(STUDY MATERIAL Opens)

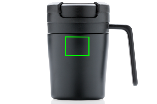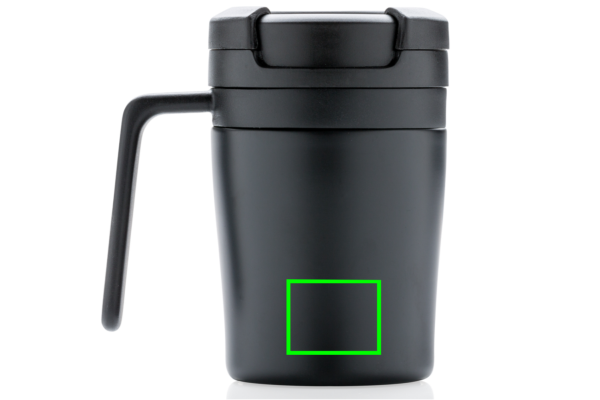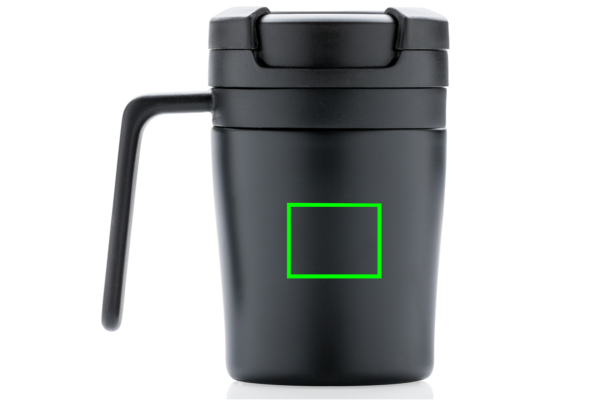 Less is more. Dubbelväggig mugg med handtag, perfekt för kaffemaskinen då den endast är 8 cm hög. Perfekt storlek för 1 enkel kopp kaffe eller en Espresso. Endast handdisk. PP insida. Spillsäkert skruvlock. Volym 160 ml. Registrerad design®
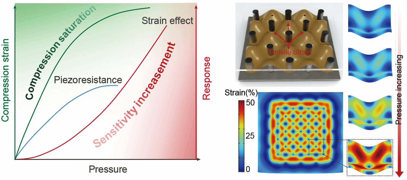 相关成果以“Breaking the Saturation of Sensitivity for Ultrawide Range Flexible Pressure Sensors by Soft-Strain Effect”为题发表在Advanced Materials期刊。柔性电子研究院博士生李玥、西安市红会医院张维杰博士为本文的共同第一作者,黄维院士、王学文教授为共同通讯作者。
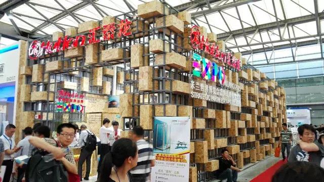 進(jìn)入E6館,一個(gè)碩大的由原木盒子構(gòu)成的主題展館吸引了客戶(hù)的眼球,公司的LOGO與2015年米蘭世博會(huì)色彩標(biāo)志相映成輝。十幾款精致的淋浴房巧妙地展示在展館內(nèi),原木色的墻壁,燈光從木盒子的縫隙中透射出來(lái),投影在晶瑩的玻璃上。呼吸著木頭的香味,仿佛身處在初春晌午的森林中,這個(gè)就是匯泰龍上海廚衛(wèi)展“龍·自在”館。
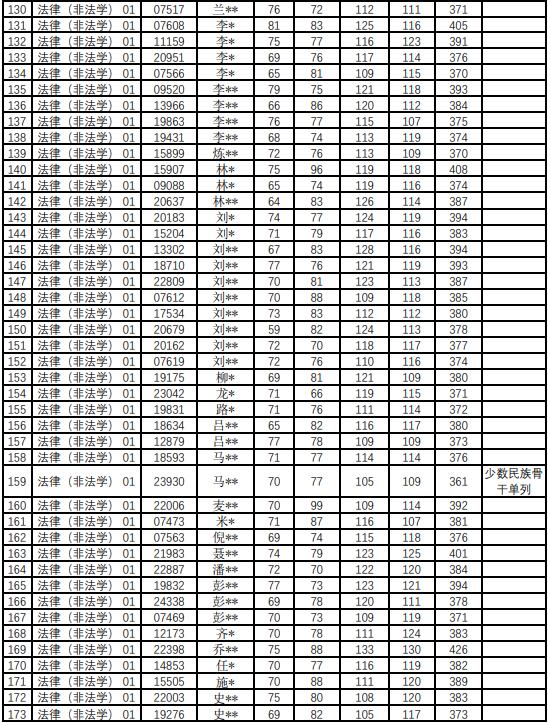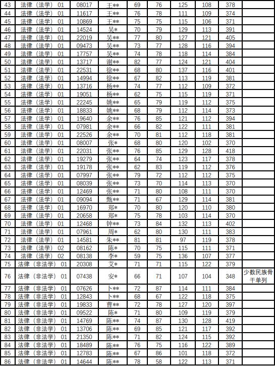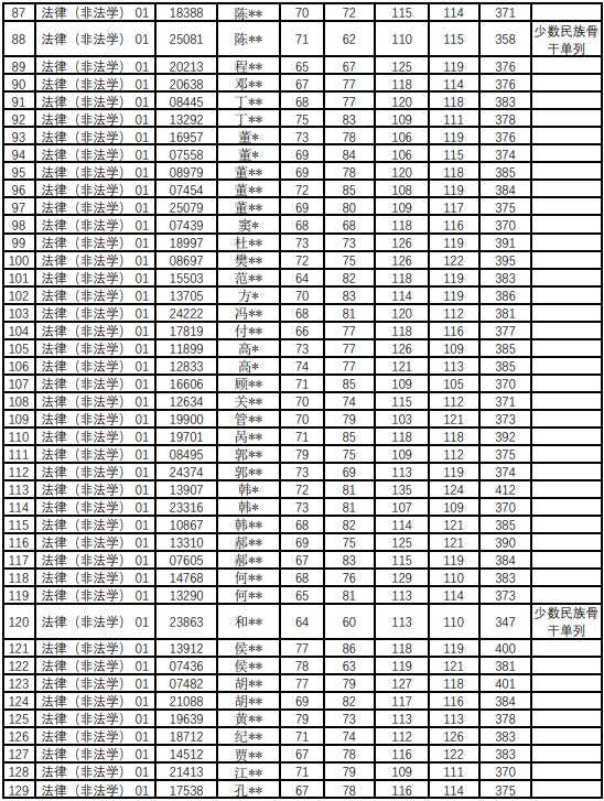 法律硕士(全日制和非全日制法学):外语55,政治55,专业一90,专业二90,总分370
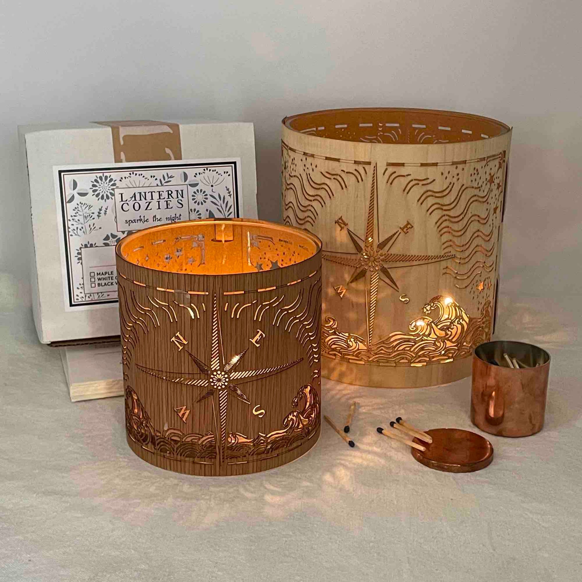 Celebrate your inner wanderlust with my Compass Rose, nautical themed lantern. The soft glow from this lantern is perfect for an evening of dreaming about future trips or reflecting on wonderful memories from voyages past. The day is approaching when the world will be your oyster once again

(STUDY MATERIAL Closes)

**ACTIVITY**
All lines from the one holding "進(jìn)入E6館,一個(gè)碩大的" through the last line of the entries, and nothing else, are to be output exactly; leave out the pictures.

**EXERCISE RESPONSE**
 進(jìn)入E6館,一個(gè)碩大的由原木盒子構(gòu)成的主題展館吸引了客戶(hù)的眼球,公司的LOGO與2015年米蘭世博會(huì)色彩標(biāo)志相映成輝。十幾款精致的淋浴房巧妙地展示在展館內(nèi),原木色的墻壁,燈光從木盒子的縫隙中透射出來(lái),投影在晶瑩的玻璃上。呼吸著木頭的香味,仿佛身處在初春晌午的森林中,這個(gè)就是匯泰龍上海廚衛(wèi)展“龍·自在”館。
 法律硕士(全日制和非全日制法学):外语55,政治55,专业一90,专业二90,总分370
 Celebrate your inner wanderlust with my Compass Rose, nautical themed lantern. The soft glow from this lantern is perfect for an evening of dreaming about future trips or reflecting on wonderful memories from voyages past. The day is approaching when the world will be your oyster once again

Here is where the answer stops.